Participants and Procedures
Participating adolescents and their families were recruited among adolescents referred to two child- and adolescent mental health service (CAMHS) clinics in South-Eastern Norway. The clinics were publicly funded, and all treatments were provided free of charge by the universal health insurance system of Norway. During the pre-specified recruitment period, September 2013 to January 2016, all referrals of adolescents (13 - 18 years) were examined for mentions of depression or core depressive symptoms (depressed mood, anhedonia, or fatigue). Through the use of the Affective Problems subscale on the Youth Self-Report (41) routinely administered by the CAMHS, adolescents with a score >6 were identified in addition to adolescents who were identified as depressed by their referral letters (42).
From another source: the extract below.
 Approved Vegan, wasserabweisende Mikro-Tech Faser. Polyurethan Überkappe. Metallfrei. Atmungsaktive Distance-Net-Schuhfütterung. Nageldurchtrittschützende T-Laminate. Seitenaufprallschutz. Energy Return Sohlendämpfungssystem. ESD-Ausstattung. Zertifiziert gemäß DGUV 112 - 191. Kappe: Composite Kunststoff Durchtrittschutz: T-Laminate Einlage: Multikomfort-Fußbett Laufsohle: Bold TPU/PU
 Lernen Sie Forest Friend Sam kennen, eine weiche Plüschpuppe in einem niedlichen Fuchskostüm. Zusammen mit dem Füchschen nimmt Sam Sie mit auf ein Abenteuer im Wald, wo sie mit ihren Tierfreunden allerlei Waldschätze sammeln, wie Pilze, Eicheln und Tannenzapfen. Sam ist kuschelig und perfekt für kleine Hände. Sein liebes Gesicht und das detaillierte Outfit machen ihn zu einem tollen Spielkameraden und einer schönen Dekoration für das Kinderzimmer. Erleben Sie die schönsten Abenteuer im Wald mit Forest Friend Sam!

Based on these procedures 276 patients were identified, contacted and checked for study eligibility. Altogether 160 adolescents were screened with the the Beck Depression Inventory-Second Edition (BDI-II) after which 100 adolescents and their parents went through a full clinical assessment (see CONSORT diagram, Figure 1). They met with a study-affiliated clinical psychologist (either the first or second author) at the CAMHS and written informed parental consent and adolescent assent were obtained. Adolescents and parents were then interviewed separately with a semi-structured diagnostic interview, the Schedule for Affective Disorders and Schizophrenia for School-Age Children Present and Lifetime Version (K-SADS-PL) (43) generating DSM-IV-TR diagnoses. All interviews were conducted by the study-affiliated clinical psychologists and were video-recorded. Both parents and adolescents completed self-report measures. If the adolescent met inclusion criteria, the assessing clinician conducted randomization by opening a sealed, numbered envelope containing the treatment allocation. Randomization was stratified by clinic, age (13-15 years and 16-18 years), gender, and severity of depression (GRID-HAMD score of ≤ 24 and ≥ 25). Sixty-one participants were finally randomized to either ABFT or TAU in a 1:1 ratio. Shortly after randomization, one patient withdrew consent resulting in a randomized study sample of 60 participants, 30 in each treatment condition.
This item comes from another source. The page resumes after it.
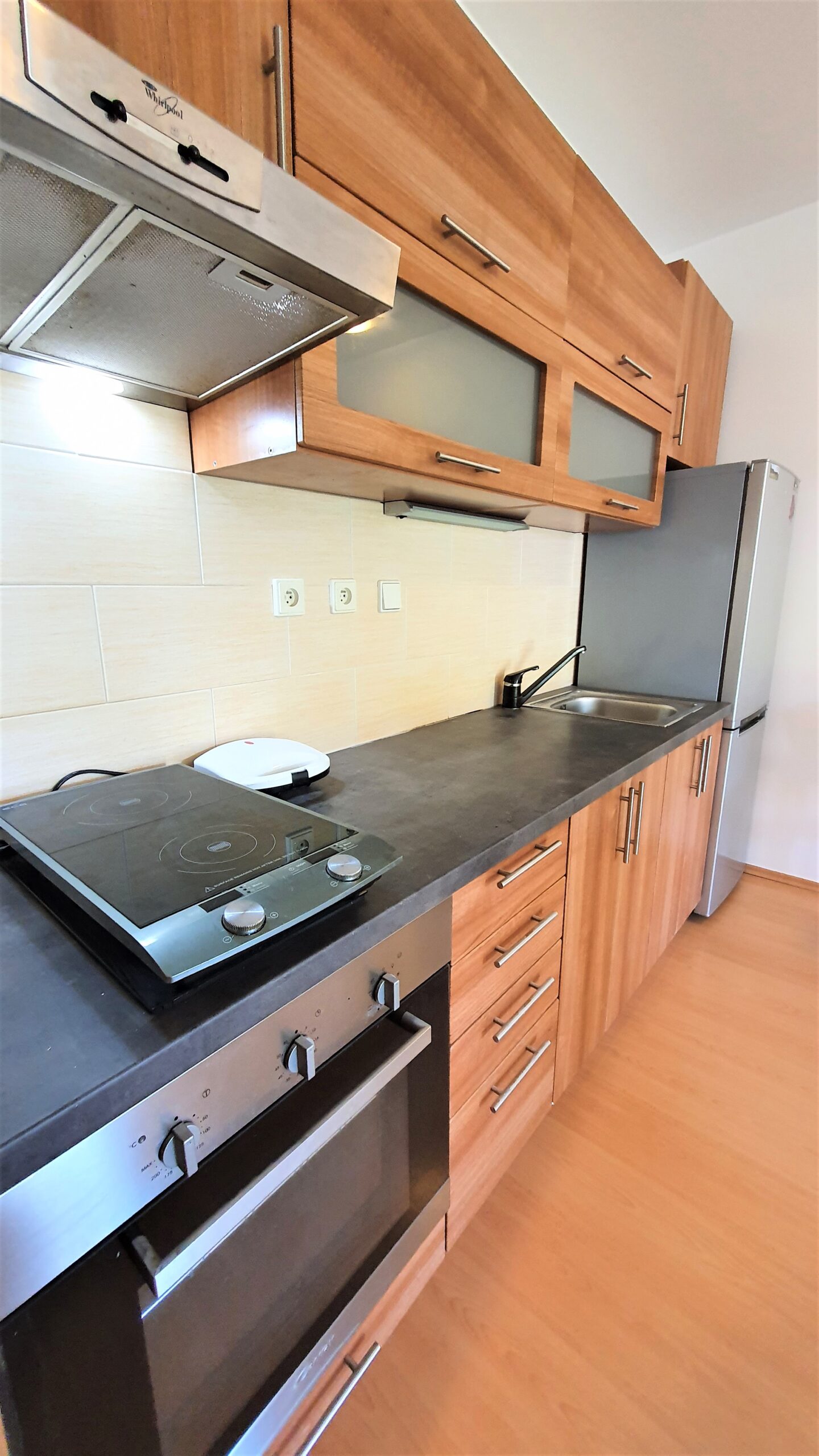 Moderní kuchyňská linka je vybavena el. troubou a se sporákem, digestoří, lednicí s mrazákem a toustovačem.

Parents and adolescents were given feedback on diagnosis and treatment allocation at the end of the assessment session. The assessing clinician answered questions from parents or the adolescent concerning the assessment, and implemented standard safety procedures to the extent deemed necessary. CAMHS staff were then informed of treatment allocation and given a report of the assessment findings, and assigned the case to a study therapist.
Treatments
Treatment consisted of 16 weeks of either ABFT or TAU. ABFT consisted of weekly therapy sessions delivered according to the treatment manual by therapists trained in ABFT for the purpose of the trial. TAU was not manualized and the therapists were free to provide the treatment they considered most appropriate. Both treatments were provided for a minimum of 16 weeks, but could be extended depending on the therapists’ assessment of their patient’s needs. For both treatment conditions, results from baseline assessments of psychiatric diagnoses and symptoms were made available to the attending therapist before the first therapy session. If a patient’s data indicated high risk of self-harm or suicide, the study staff immediately notified the patient’s therapist. Two participants were on antidepressant medication during the trial and they were on a stable dose for at least 12 weeks before being enrolled in the study.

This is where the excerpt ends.